I think we are meant to assume that it’s this passage, this idea ,which has appealed to the Ethiopian, and drawn him to make this long trek. Here at last, there seemed to be a God who would welcome even him, but when he got to Jerusalem, he found that those who claimed to follow that God didn’t.

 

“Explain it to me!” he asks Philip. So Philip, in the right place at the right time, by the guidance of the Spirit, does. He tells the Ethiopian “the good news about Jesus”,  that there is one who has just recently lived out the truth of this passage, welcoming those who were humiliated and broken, allowing himself to be humiliated and broken on the cross, and yet God has honoured him, against all expectations, raising him from death.

 

And suddenly in that dry, barren wilderness they come to an oasis. Water in the desert, life in the midst of death.
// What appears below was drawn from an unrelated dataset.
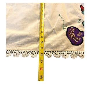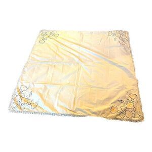 Tablecloth Morning Glory Flowers Floral Embroidered Square 62" Vintage Retro

And the Ethiopian says “what is there to stop me being baptised?” Nothing, is the answer. There was plenty to stop him worshipping in the Temple – hundreds of years of deep-rooted prejudice – but there is nothing to stop him getting down into this water and being welcomed into the community of those who follow Jesus, a disfigured, disgraced man who had been raised from the dead in the ultimate affirmation of God’s favour.

 

It’s a story from a world in many ways very different from our own, and yet it speaks loudly and clearly still today, because we still live in a world which often judges by very narrow standards – physical appearance, health, wealth, intellectual ability, social recognition, the ability to fit in. We still live in a world where people with disabilities, people who’ve fallen on hard times, people whose lives don’t fit the tidy moulds we like to squash them in and who have no hope of winning in the rat race are looked down on and judged.

 

But the good news about Jesus is the same as it was when Philip told it to that Ethiopian eunuch. Jesus knows about broken bodies and spirit – his own were broken on the cross. We don’t need to be perfect – physically or spiritually - to come to him. Everyone is welcome to “abide in him”, to be grafted into the vine, not be left out in the wilderness, playing a vital part in the life of the whole, bearing fruit, making a difference, blessing the world.